TASK DATA.
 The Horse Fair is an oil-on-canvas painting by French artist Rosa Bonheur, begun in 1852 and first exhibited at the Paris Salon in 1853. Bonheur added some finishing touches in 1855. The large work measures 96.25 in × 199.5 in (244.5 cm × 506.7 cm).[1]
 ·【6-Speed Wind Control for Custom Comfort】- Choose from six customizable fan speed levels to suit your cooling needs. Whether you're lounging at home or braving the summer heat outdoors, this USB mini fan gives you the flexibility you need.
* * *
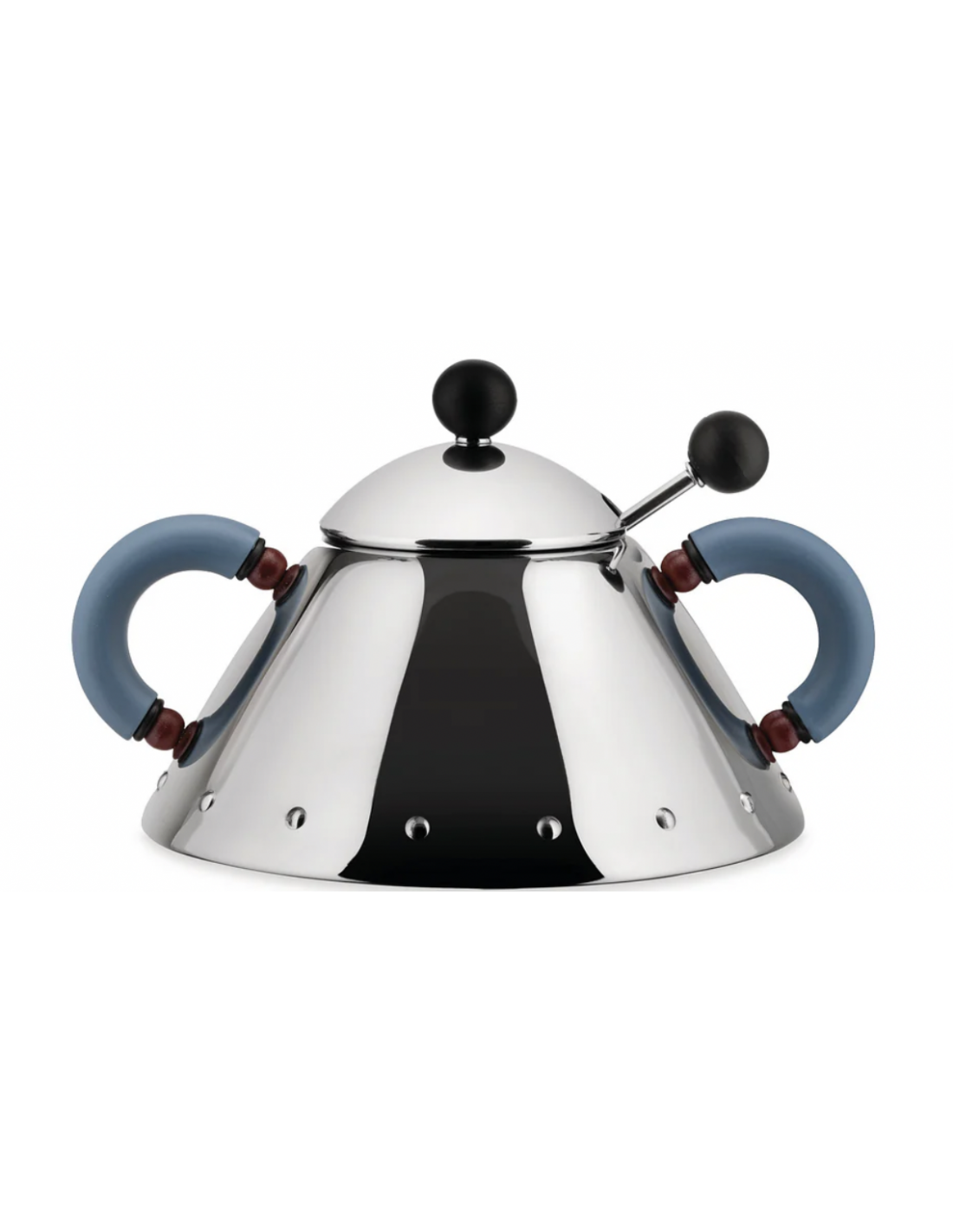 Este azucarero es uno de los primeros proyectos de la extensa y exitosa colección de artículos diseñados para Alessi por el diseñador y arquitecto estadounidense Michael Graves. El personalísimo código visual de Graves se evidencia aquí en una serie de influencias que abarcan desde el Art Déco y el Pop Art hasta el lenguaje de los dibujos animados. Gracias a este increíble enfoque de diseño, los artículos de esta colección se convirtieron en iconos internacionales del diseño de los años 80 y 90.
---
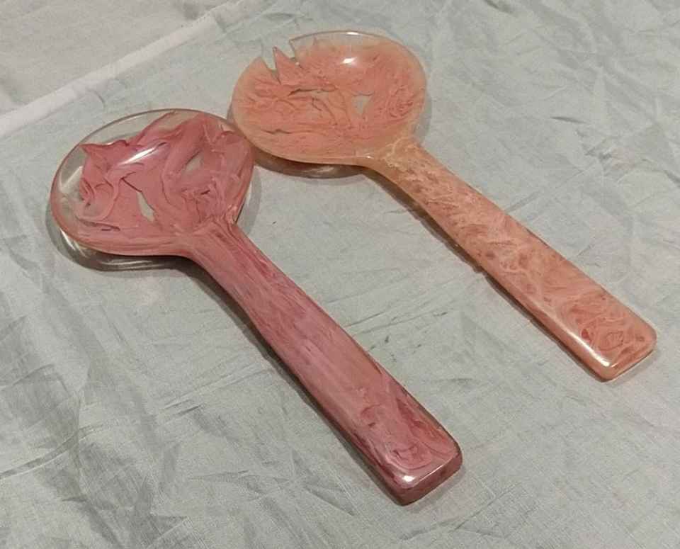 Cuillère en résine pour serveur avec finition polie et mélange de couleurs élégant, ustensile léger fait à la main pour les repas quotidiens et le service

TASK TO CARRY OUT.
Reproduce word for word the material above, beginning with the line that contains "The Horse Fair" and ending with the line that contains "flexibility you need.".

TASK ANSWER.
 The Horse Fair is an oil-on-canvas painting by French artist Rosa Bonheur, begun in 1852 and first exhibited at the Paris Salon in 1853. Bonheur added some finishing touches in 1855. The large work measures 96.25 in × 199.5 in (244.5 cm × 506.7 cm).[1]
 ·【6-Speed Wind Control for Custom Comfort】- Choose from six customizable fan speed levels to suit your cooling needs. Whether you're lounging at home or braving the summer heat outdoors, this USB mini fan gives you the flexibility you need.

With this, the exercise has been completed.